Transcribe the listing in full, word for word; pictures do not belong in the copy.

**INFORMATION SUPPLIED:**
━━━━━━━━━━━━━━━━━━━━

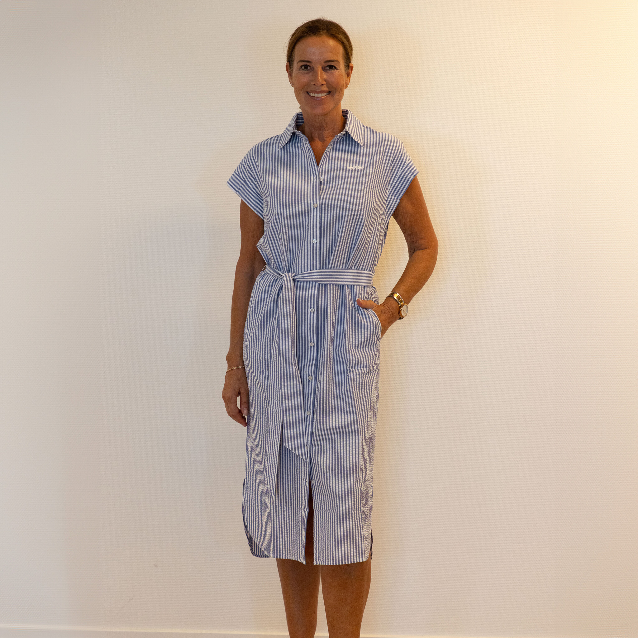 Jurk met aangeknipte mouwen in seersucker blauw-wit.
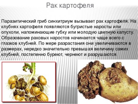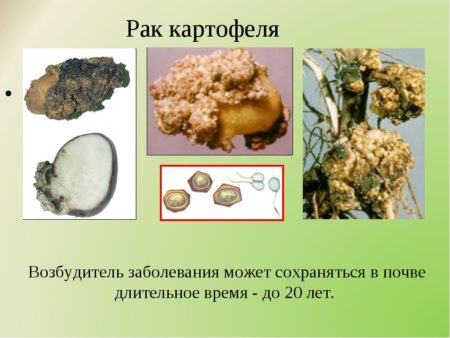 Bij het verbouwen van aardappelen worden veel zomerbewoners geconfronteerd met een ziekte zoals kanker. De schimmel infecteert de knollen, waardoor ze ongeschikt worden voor menselijke consumptie. De ziekte is in quarantaine geplaatst, het kan het gewas volledig vernietigen.
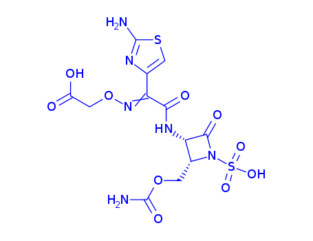 - Synonyms:Acetic acid, [[[2-[[2-[[(aminocarbonyl)oxy]methyl]-4-oxo-1-sulfo-3-azetidinyl]amino]-1-(2-amino-4-thiazolyl)-2-oxoethylidene]amino]oxy]-, [2伪,3伪(Z)]-

━━━━━━━━━━━━━━━━━━━━

**ANSWER BOX:**
 Jurk met aangeknipte mouwen in seersucker blauw-wit.
 Bij het verbouwen van aardappelen worden veel zomerbewoners geconfronteerd met een ziekte zoals kanker. De schimmel infecteert de knollen, waardoor ze ongeschikt worden voor menselijke consumptie. De ziekte is in quarantaine geplaatst, het kan het gewas volledig vernietigen.
 - Synonyms:Acetic acid, [[[2-[[2-[[(aminocarbonyl)oxy]methyl]-4-oxo-1-sulfo-3-azetidinyl]amino]-1-(2-amino-4-thiazolyl)-2-oxoethylidene]amino]oxy]-, [2伪,3伪(Z)]-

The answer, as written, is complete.